Future applications of flush, continuous, single-flow pipe in for example slender well designs, all require a good field method of joining pipe sections, which will not compromise material properties or string integrity. The Big Loop method will also overcome the transport weight limitations associated with long and/or large diameter coiled tubing reels.
Considering that the entire pipe handling, connection and well insertion process can be conducted without the use of a rig, there are considerable incentives to use the Big Loop system on offshore installations.

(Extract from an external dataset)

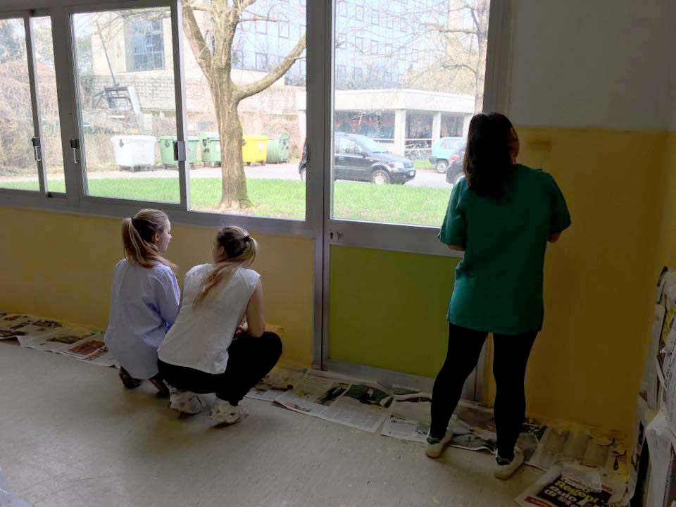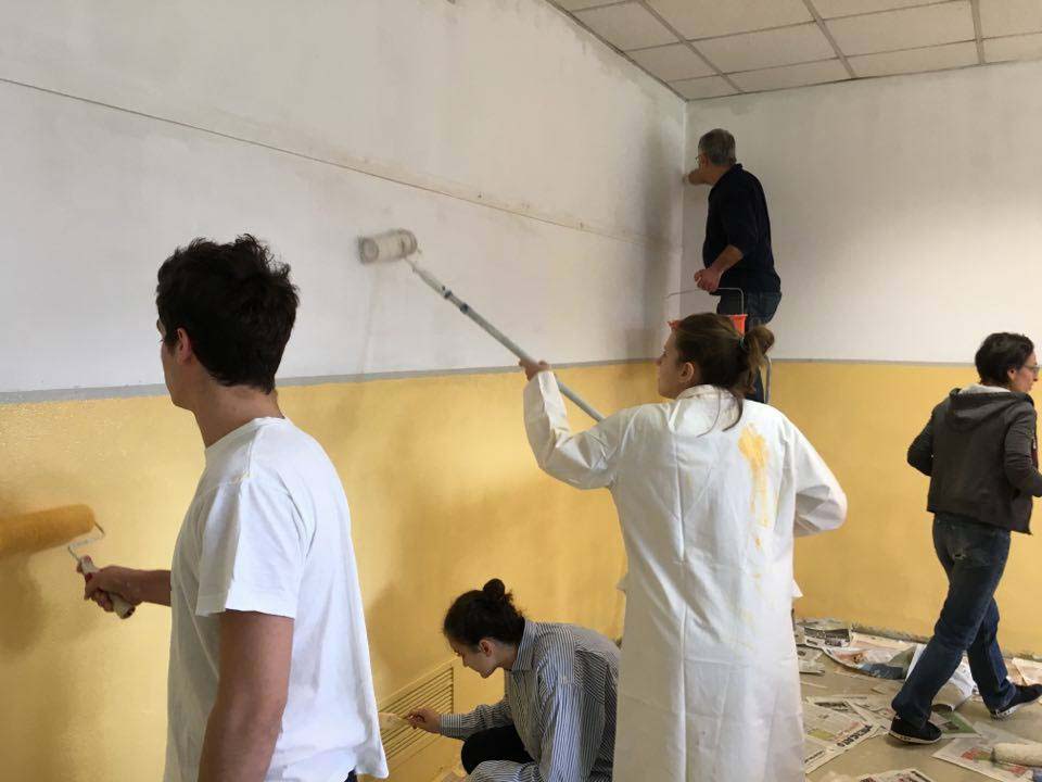 Nonostante questo, in ogni classe che abbiamo visitato, erano davvero in tanti gli studenti armati di rullo, pennelli, cappellini con carta da giornale e improvvisate tute per non sporcarsi, sebbene qualcuno mostrasse strisciate di vernice in viso e gocce di giallo e bianco un po’ ovunque. Erano anni che i rappresentanti d’istituto proponevano questa idea senza però vevenirne a capo: “Ora con la preside nuova avranno pensato di tornare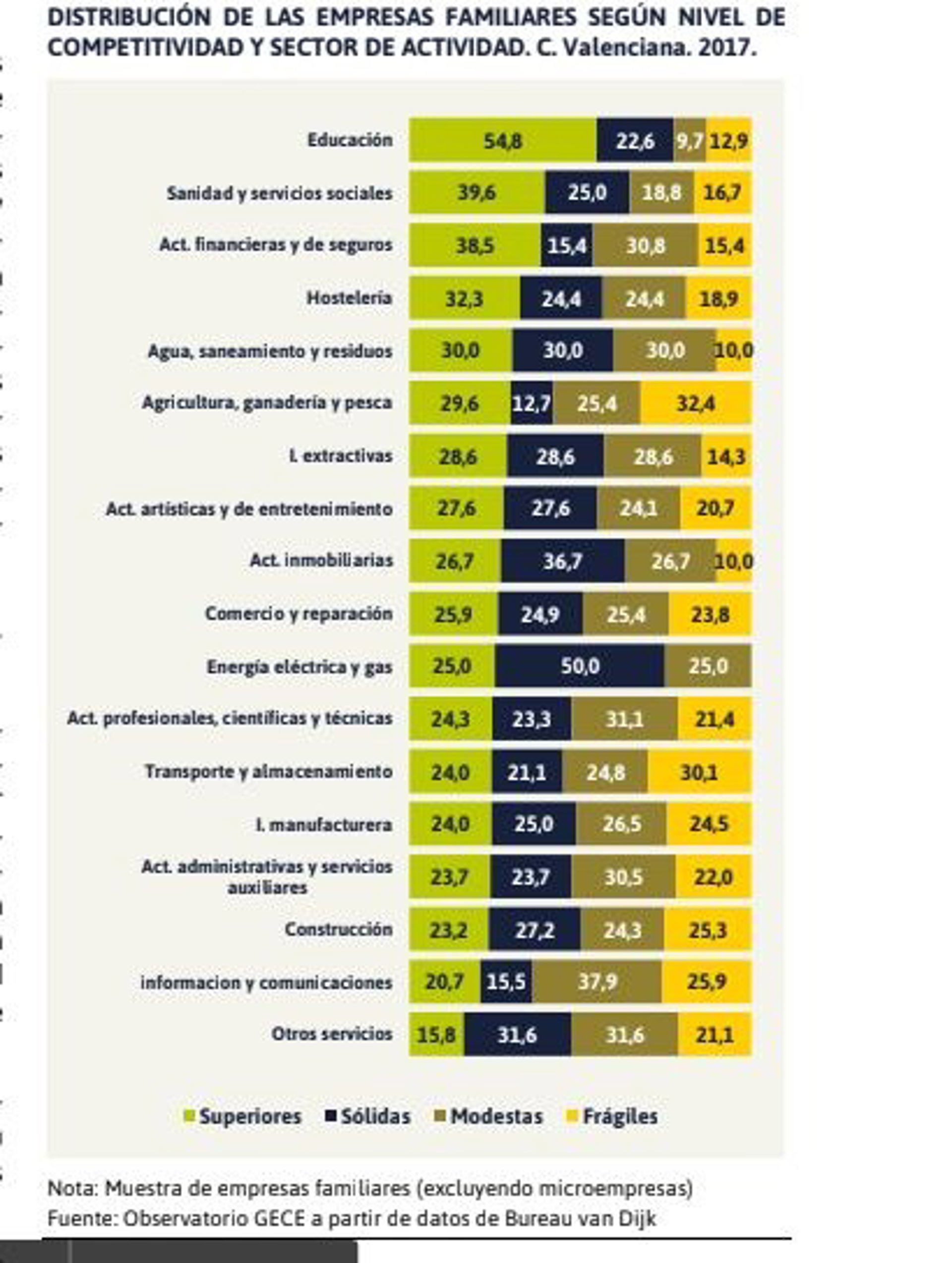 En concreto, las empresas familiares valencianas de los sectores de educación, sanidad, el sector financiero y hostelería se caracterizan por unos niveles de competitividad elevados, con más del 50% de las compañías en el grupo de las "superiores o sólidas".

This paper deals with a new concept where a complete continuous string, including subassemblies, can be pre-manufactured on site, tested and subsequently installed once the well becomes available. The connection time is taken out of the critical path of the construction or intervention process of the well.
The concept applies civil engineering pipe upto 7" body OD, which allows the selection of the optimum pipe size required for a particular well.
The pipe is orbital welded and spooled into a free-standing spiral using a bending machine. Plastic deformation is generally less than with general coiled tubing strings on reels. During installation of the string a straightener in combination with conventional coiled tubing or snubbing equipment is used.
To date, two strings have been successfully pre-manufactured, tested and installed. Further developments are aiming at corrosion resistant alloys, cladded pipe and continuous pumping capabilities during insertion.
Installing casing or tubing strings with leak-free and non-upset connections for a range of materials will increase flow potential and lower well costs on many wells. The absence of couplings, which are normally larger in diameter than the pipe itself, allows larger strings to be installed into conventional wells or the placement of conventional strings into smaller wellbores.
About a year ago we began to investigate and analyse the different field methods for the pre-manufacturing and installation of welded tubing strings. This resulted in the development of a technique where modern welding technology is combined with common heavy industry bending techniques
The string is prepared by welding 12 to 18 m joints together. The pipe is fed into a bending machine (fig. 1), which bends the pipe into a spiral. This spiral is suspended on a spiral support structure, see fig. 2. Two driven bottom rolls support the free-standing spiral which has no elasticity contained in the pipe. A top roll is used to provide stability to the spiral. The radius of the spiral is dependent on the maximum allowable theoretical strain. Generally it is kept at 1% or less, resulting in much lower fatigue and residual stress levels than seen with conventional coiled tubing strings.
For onshore wells, the above described pre-fabrication could take place at a safe distance from the wellhead area. Furthermore, the welding container can be completely sealed to comply with Zone I or Zone II regulations as required on most offshore platforms. In this way, the connection time is taken out of the critical time path; i.e. the string can be prepared while the well is being drilled, constructed or even produced.